(Recorded data)
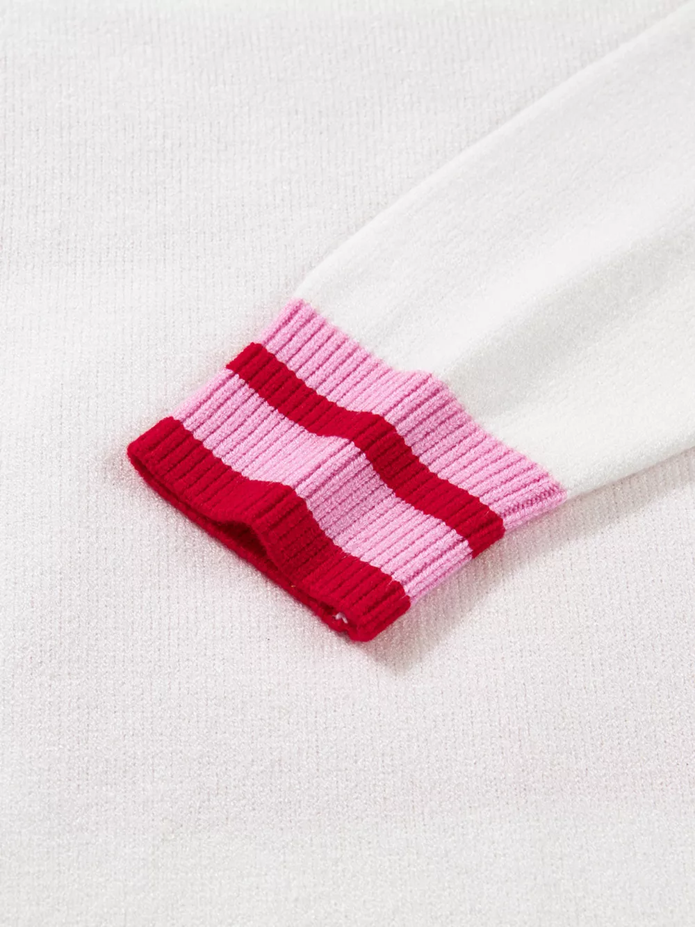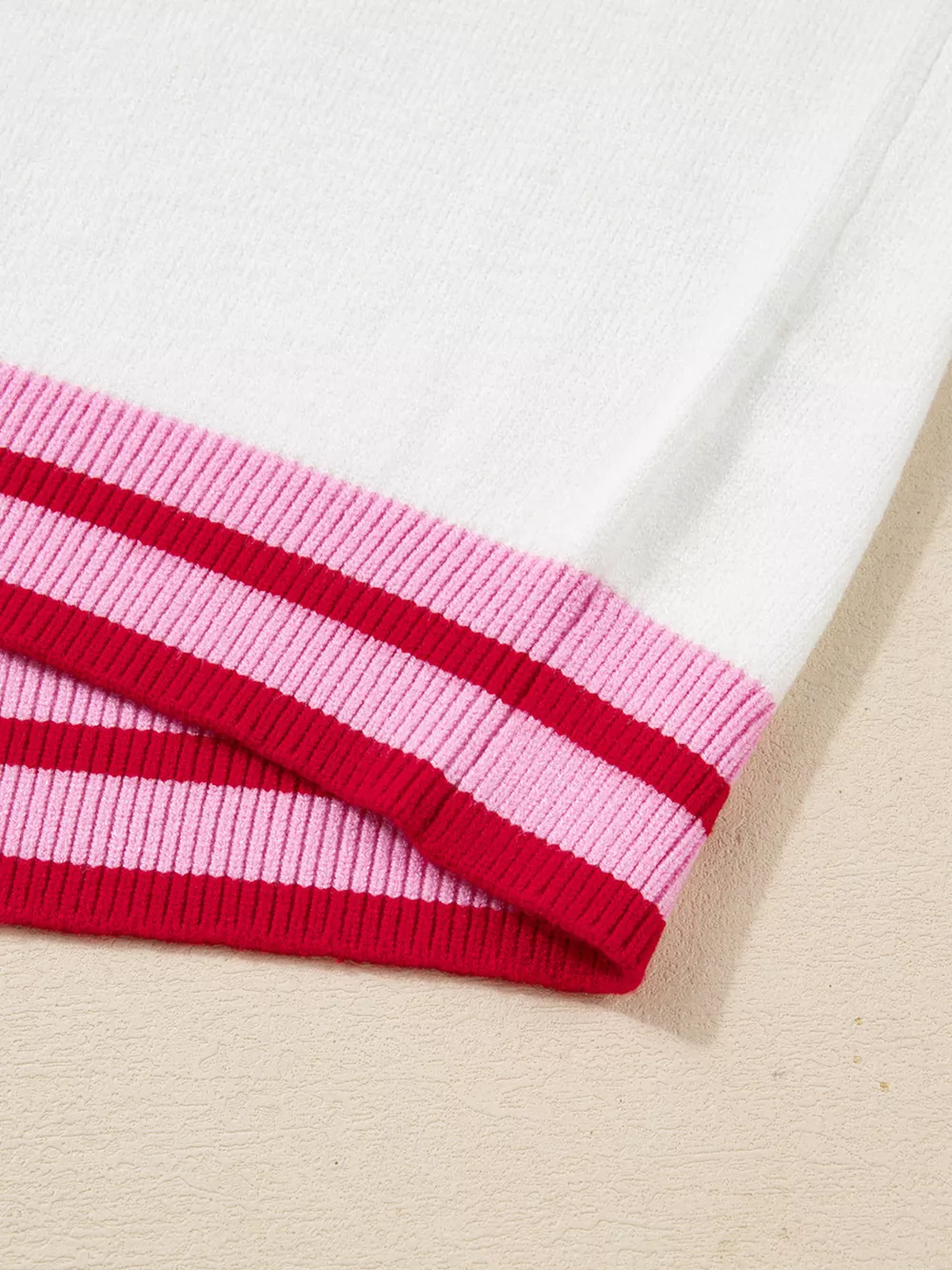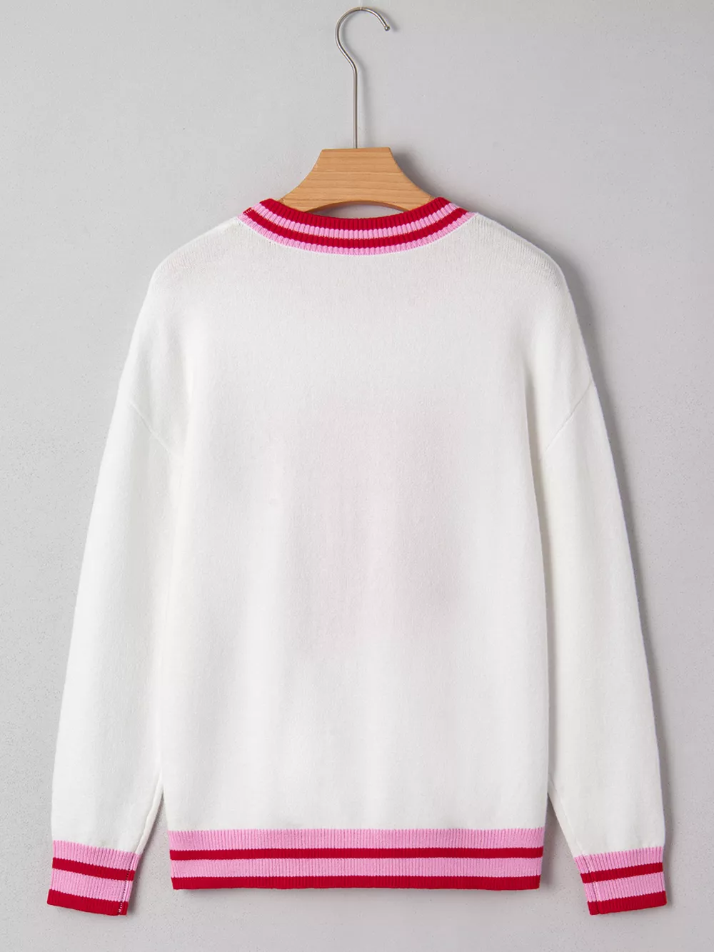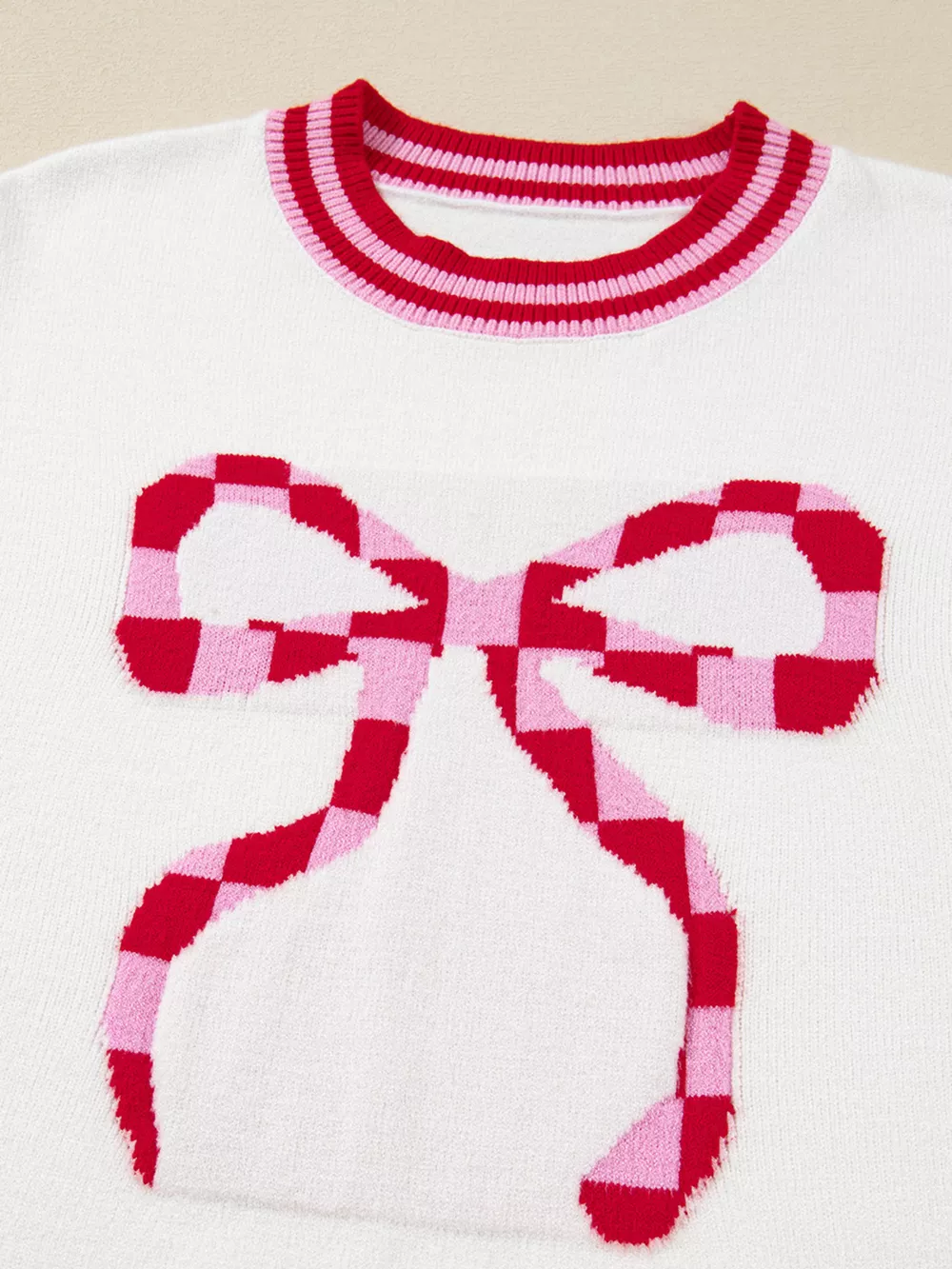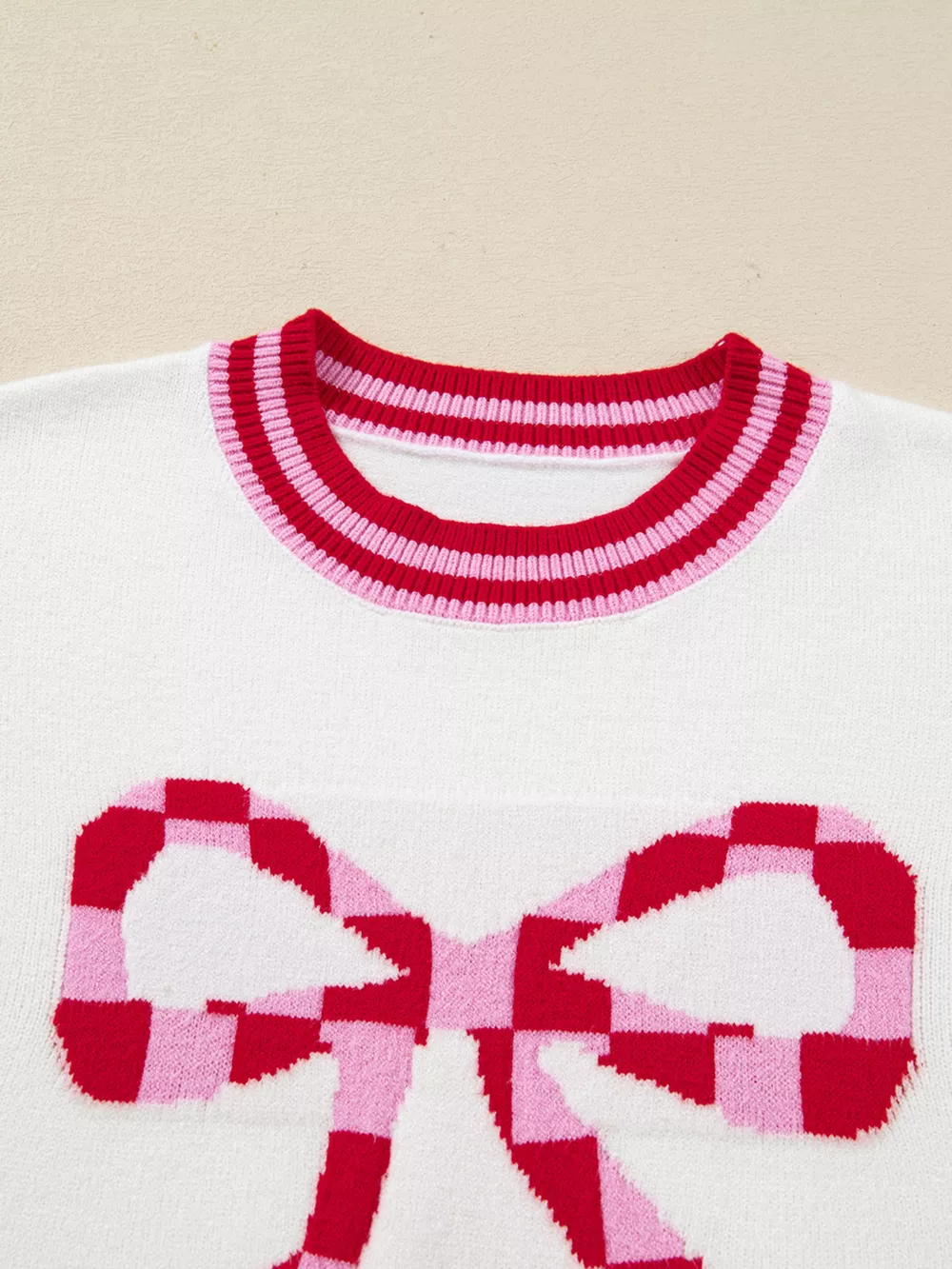 Striped Trim Bow Graphic Round Neck Drop Shoulder Sweater
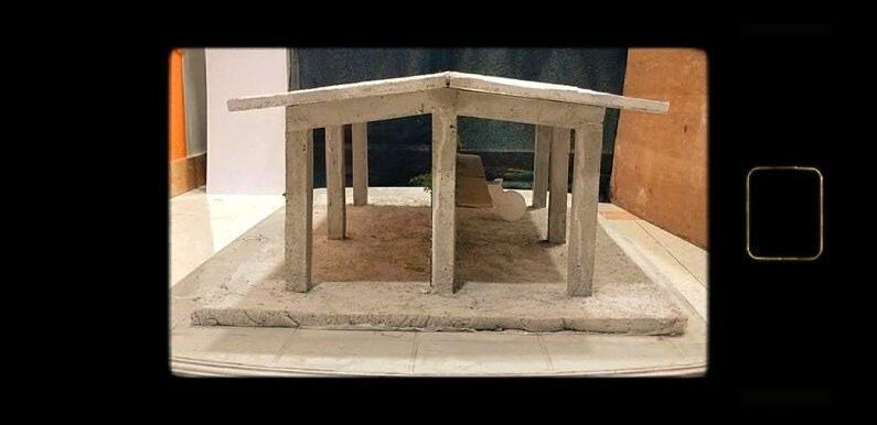 The task was to create a 1:100 scale physical concrete model of two wheelr parking shed , following same process and method used in construction sites, to understand the structural details of RCC structures.
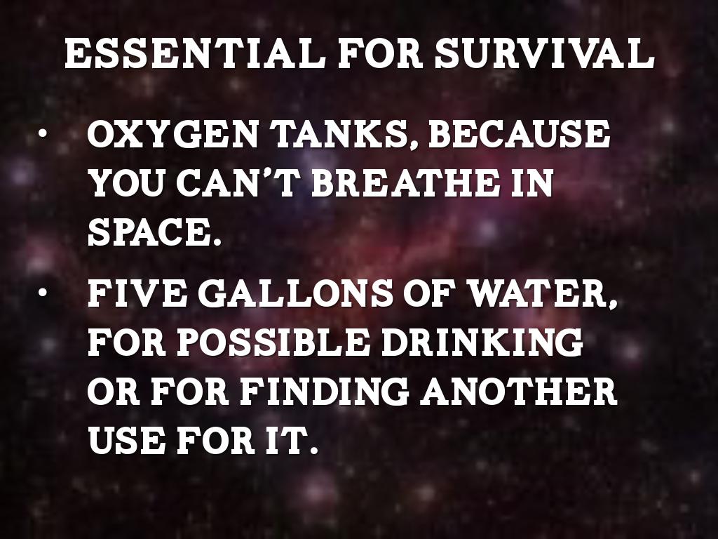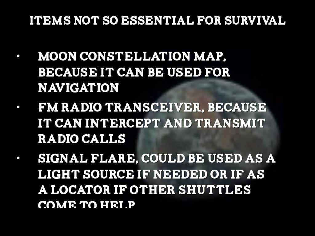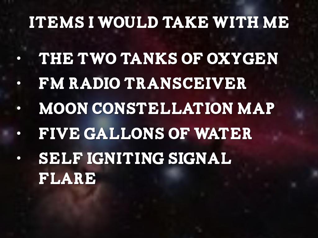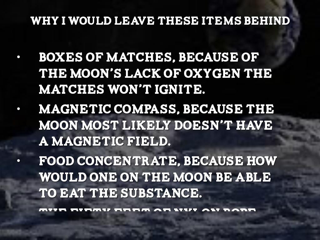 Boxes of matches, because of the moon’s lack of oxygen the matches won’t ignite.
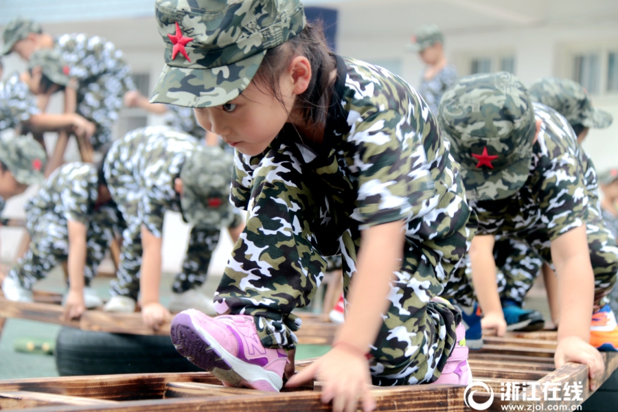 娃娃兵在官兵们带领下,完成了冒险岛游戏挑战赛。
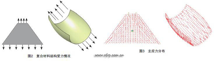 在復合材料結構中,纖維是主要承載材料,纖維只有在張緊狀態下才能承受最大載荷。纖維張緊時,其路徑是曲面上最短的,而曲面上最短的距離一定是測地線。因此,對于圖2中結構的某一層而言,以0°為例,結構的2 邊受到載荷時,這一層的每根纖維只有按照測地線分布和排列時,才能使得纖維繃緊并承受最大載荷,即與此點主應力一致(圖3)。

_Task objective_
Print nothing but the lines above starting with the line that contains "The task was" and going on through the line that contains "娃娃兵在官兵们带领下,完成了冒险岛游戏挑战赛。". Leave out the pictures.

_Answer to this exercise_
 The task was to create a 1:100 scale physical concrete model of two wheelr parking shed , following same process and method used in construction sites, to understand the structural details of RCC structures.
 Boxes of matches, because of the moon’s lack of oxygen the matches won’t ignite.
 娃娃兵在官兵们带领下,完成了冒险岛游戏挑战赛。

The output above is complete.